Professeur d'histoire contemporaine à l'université de La Manouba, Kmar Bendana est chercheuse à l'Institut supérieur d'histoire du mouvement national (Ishmn). Elle est également chercheuse associée à l'Institut de recherche sur le Maghreb contemporain (Irmc). Cette spécialiste de l'histoire de la culture et des intellectuels en Tunisie aux XIXe et XXe siècles est l'auteure de « Relire les biographies de Bourguiba ». Un long article de référence, publié en 2005. Tous ceux qui s'intéressent à la construction narrative autour de ce personnage y trouveront une large et riche matière ainsi qu'une bibliographie très complète.
Comment s'est construite la saga bourguibienne ? Le premier auteur de cette fiction n'est-ce pas lui-même le « zaïm », à travers ses discours égocentrés présentés à partir de 1973 à l'Institut de presse et des sciences de l'information puis à travers l'hagiographie rédigée par Mohamed Sayah, son biographe attitré ?

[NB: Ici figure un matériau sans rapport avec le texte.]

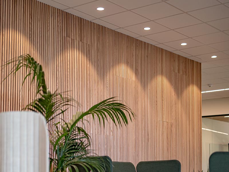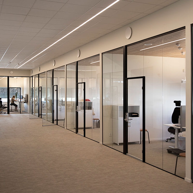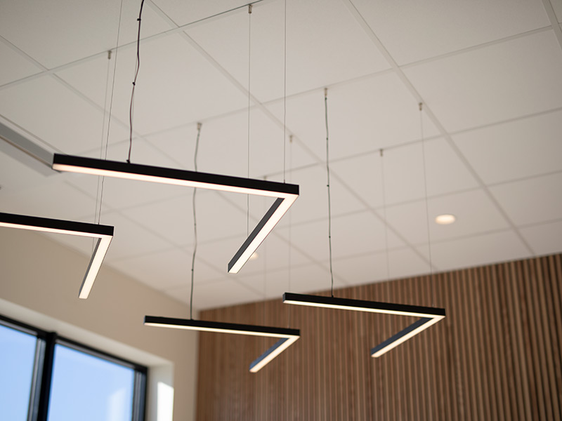 Suurikokoinen suorakulmainen musta uudisrakennus suorine linjoineen luo vaikutelman huippumodernista ilmeestä.Tällainen on näky, johon törmäämme hieman keskustan ulkopuolella Ruotsin Smoolannin Tranåsissa. Logo toistuu rakennuksen julkisivussa ja on myös ensimmäinen asia, jonka näemme astuessamme sisään rakennukseen. Tässä tilassa sisäänkäynnin yläpuolella, katosta riippuvat asiakaskohtaiset räätälöidyt mustat V-muotoiset profiilit, joihin on asennettu tehokkaat LED-nauhat. Valaistus toimii samalla opasteena vierailijoille ja on suunnittelu valaisemaan rakennuksen pääsisäänkäyntiä.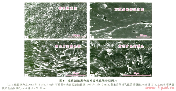 一直以來針對(duì)泥頁巖儲(chǔ)層的研究較少,本次重點(diǎn)研究了黑色巖系中泥頁巖的微觀孔隙特征。前人研究的成果證實(shí),頁巖中實(shí)際上含有大量的孔隙和裂縫,可作為天然氣儲(chǔ)層。根據(jù)孔隙尺寸,可將泥頁巖中的孔隙分為2種類型:微孔隙(d>0.75 μm)和納米級(jí)孔隙(d<0.75μm)[8]。通過掃描電鏡研究發(fā)現(xiàn),黑色巖系中泥頁巖中納米孔隙、微孔隙和微裂縫十分發(fā)育,孔隙直徑介于l00 nm~50 μm(圖6),黑色巖系中的黑色頁巖在掃描電鏡下可見多種類型微孔隙:方解石、白云石和石英粒間微孔隙;黏土礦物晶間孔隙;斜長石溶蝕孔和云母片狀孔隙,呈孤立狀,或者由狹長平直的吼道連接(圖6)。

Il y a la manière de la dire cette saga, mais aussi le temps qu'il a fallu pour la monter et la transmettre. Le temps aide la saga à devenir propagande et à s'incruster dans les esprits, c'est comme un tapis à tisser et auquel on ajoute à chaque fois des motifs. D'autre part, si on suit bien la chronologie de Bourguiba, on se rend compte qu'il entreprend de raconter son récit de vie et de lutte nationale en 1973, au moment où s'annonce son déclin. Bourguiba tenait les rênes du pays depuis 1956, cela faisait déjà longtemps que les grandes réformes ont été achevées. Bourguiba est d'autre part secoué après l'échec de l'expérience collectiviste de 1969. Les jeunes étudiants et la centrale syndicale contestent son pouvoir absolu, Bourguiba ayant tout verrouillé entre 1962 et 1963, époque où son régime s'est crispé. Pour son système, son entourage et pour lui-même, ce récit était d'une importance vitale, un moyen de trouver une force et une légitimité autres que l'action, pour continuer à gouverner et pour contrebalancer son affaiblissement. Sa parole puissante, sa parole de tribun, qui nous subjuguait, compensait la dégradation de sa santé à ce moment-là.

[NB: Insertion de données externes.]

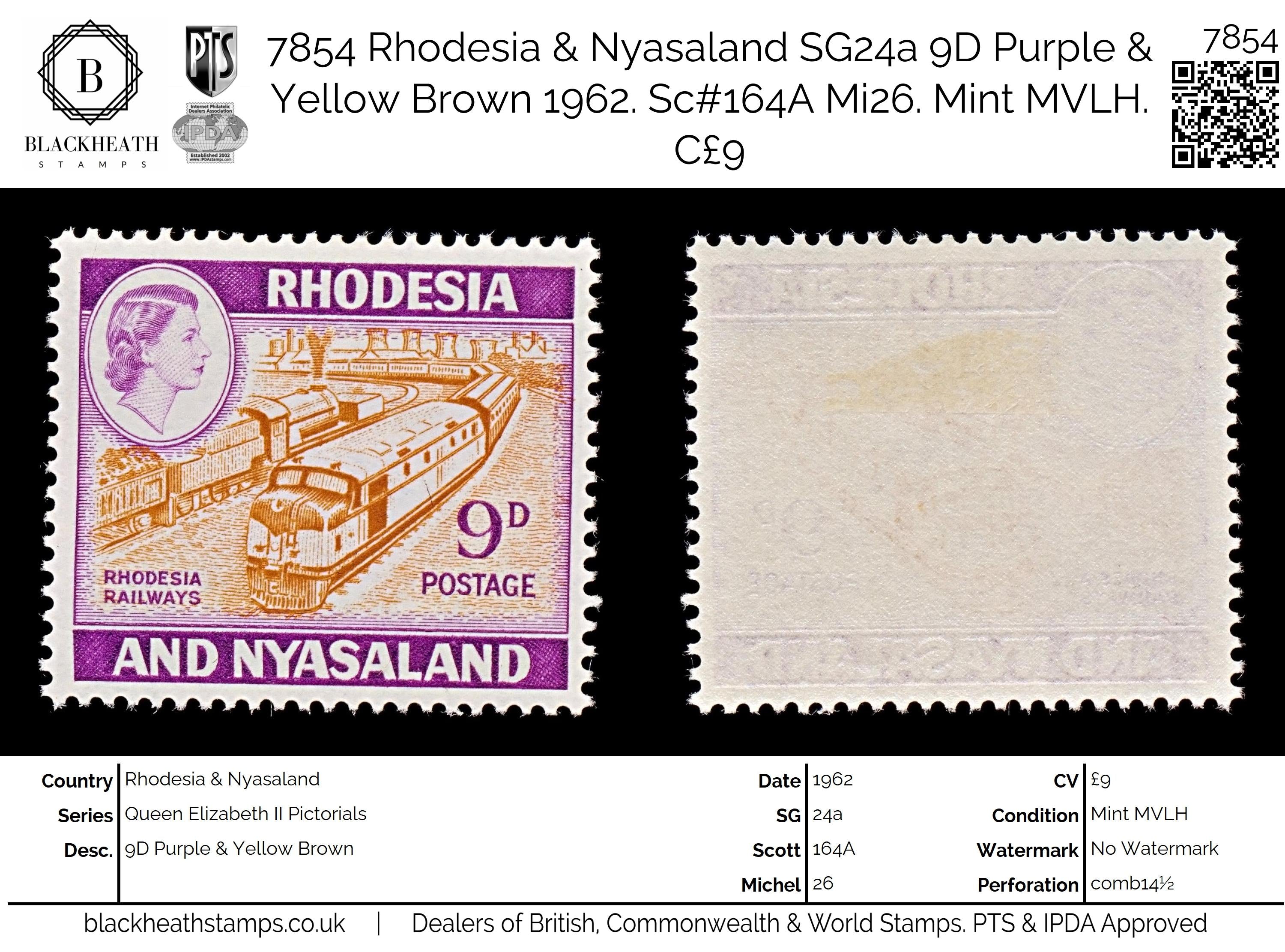 7854 Rhodesia & Nyasaland SG24a 9D Purple & Yellow Brown 1962. Sc#164A Mi26. Mint MVLH. C£9: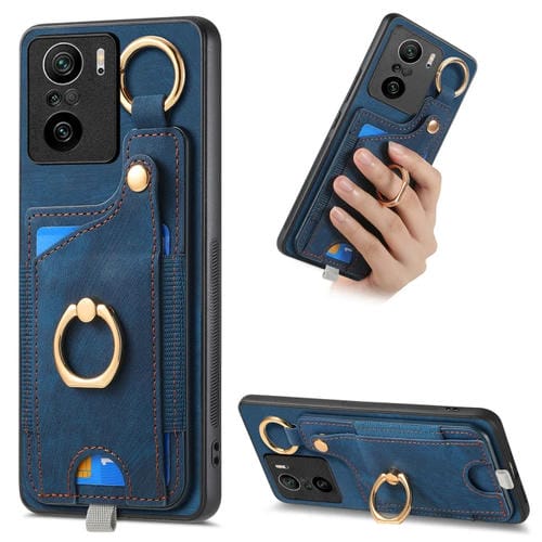 Funda para Teléfono con TaRJetero y Anillo con Tacto de Piel Estilo Retro para Redmi K40 con Lazo para Colgar (Azul)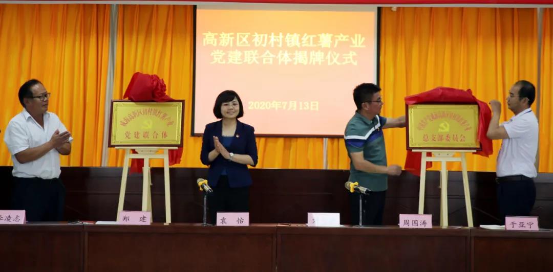 高新区工委组织部、初村镇党委、蓝呱呱农业科技公司等相关负责人,为初村镇红薯产业党建联合体、红薯产业党总支揭牌。初村镇红薯产业党总支书记介绍了党建联合体成立背景、运转机制和下步打算。红薯产业党建联合体以蓝呱呱农业科技公司为依托,以日本“红春香”红薯产业为纽带,吸纳有共同产业基础的5个村参与,定期召开联席会议,负责协调发展订单农业、融入红薯加工业等工作,实行组织联建、产业联育、治理联抓,构建紧密发展共同体,推动合作共赢、整体提升。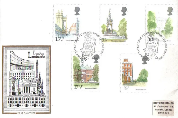 | Stamp Details: | 10 1/2p Buckingham Palace 12p Albert Memorial 13 1/2p Royal Opera House 15p Hampton Court 17 1/2p Kensington Palace |

Comment a procédé Mohamed Sayah face à cette matière brute que sont les récits de Bourguiba ?
Sayah a donné au récit une tournure sérieuse et officielle. Tout un dispositif a été mis à son service, dont des documentalistes, des locaux, des services techniques, l'imprimerie de la Sagep... Dans cette entreprise, mise sous le label du parti, ce qui m'a particulièrement intéressée en tant qu'historienne, c'est la machine à fabrique des livres d'histoire très particuliers, des livres destinés, malgré tout, à devenir des références. Et aussi à une large diffusion puisque par souci pédagogique, ils ont été publiés simultanément en arabe et en français. J'étais devant un cas d'école. Sayah ne s'est pas limité à la matière orale déclamée par Bourguiba, il s'est référé également à des documents écrits, dont certains puisés dans les archives nationales. Après ce travail, qui a duré trois à quatre ans, Bourguiba et Sayah créent en 1979 l'Institut de l'histoire du mouvement national, rattaché à l'université, où j'ai inauguré ma carrière d'historienne en 1982. J'ai comme l'impression que tous les deux ont fini par comprendre qu'il fallait être plus objectif et confier l'histoire aux historiens et aux archivistes pour garantir la durabilité du résultat. On était passé à une autre étape, où, probablement sur les conseils de l'historien Charles André Julien, proche de Bourguiba, la propagande devait se mettre en veilleuse à la faveur d'un travail d'équipes d'historiens franco-tunisiens sur ce qu'on appelle aujourd'hui « l'histoire partagée » de la période coloniale.
L'angle de sa vie privée, en présentant une autre dimension du « Combattant suprême », peut-il à votre avis humaniser un « dieu » nommé Bourguiba ?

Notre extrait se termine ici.